A shiver ran down Cora’s back. She knew exactly who Mali was talking about. In her dream, he’d been an angel. The most beautiful face she’d ever seen, a body more powerful even than Leon’s. So powerful it was terrifying.
Cora’s hand unconsciously drifted to the tangled blond strands around her shoulders. The jukebox song kept playing, over and over. Lucky looked between Cora and the black window like he was missing something.
“Wait,” he said. “You mean the Caretaker? Is that why you get more tokens than the rest of us—you’re his favorite?”
“It doesn’t matter.” Cora yanked on her hair, ripping a dozen strands. She hissed at the sting of pain but passed the hair to Mali, who examined it, then carefully deposited it in the upper pocket of Rolf’s military jacket.
“You can just . . . go ahead and keep that jacket,” Rolf said from across the room.
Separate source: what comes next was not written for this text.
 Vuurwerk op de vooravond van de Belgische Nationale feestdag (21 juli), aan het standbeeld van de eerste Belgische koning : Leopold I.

Mali sauntered to the doorway like nothing had happened. Cora repeated Mali’s words to herself: three ways to block their thoughts. Through meditation, through pain, and when the Kindred were uncloaked. In the black window, a single shadow moved slowly to the left. Cora pressed a hand against her throbbing scalp. It hurt so badly that whoever was watching now wouldn’t hear a thing inside her head.
She stood on tiptoes to whisper in Lucky’s ear.
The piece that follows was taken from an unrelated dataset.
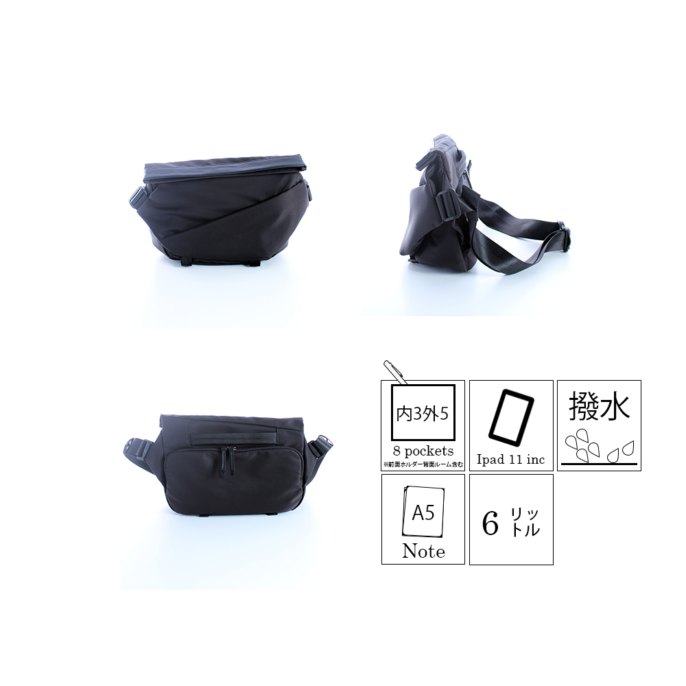 容量は6リッター入り、A5ノートも収納出来て普段使いの荷物には十分な容量です。

“I don’t care how much Mali knows about them. I don’t trust her. And I want out of here before we figure out why they’ve really taken us. So we need to find the exit. Starting in the grasslands, right now.”
WHEN CORA HAD BEEN fourteen, her parents had taken her and Charlie to the Serengeti on a safari to see rhinos lazing in the sun and giraffes bending to drink from a watering hole. Now, as she and Lucky gazed out over the grasslands rippling with waist-high grass, goose bumps rose on her arms. It was beautiful, and desolate, and monotonous, just as the Serengeti had been. A near-perfect reproduction in miniature. The only difference was, now she and Lucky were the animals being watched.
“Sometimes I forget it’s all fake,” Lucky said.
There was a slight catch to his voice. Cora felt it too—that there was something so wrong, but also beautiful, about each habitat. As much as she might have hated the Kindred, she couldn’t deny that they were masters at what they did.
“Over there.” She pointed toward a hill. A few scattered trees dotted the landscape, along with a long, low building that looked like a rural Kenyan school.
They started through the tall grass. The wind was strong, coming in waves like the seas. As it bent the grass, it made a hollow sound, like whistling. It made Cora think of a song she’d once written, about how the fences at Fox Run, their gated community, hadn’t been that different from the ones at Bay Pines. Even the names weren’t that different: both were named after the wildlife that had been destroyed for the buildings to be built.
The school door didn’t open when Lucky tugged on it. While he circled the building, Cora examined a few uneven bricks, the first imperfections she’d seen.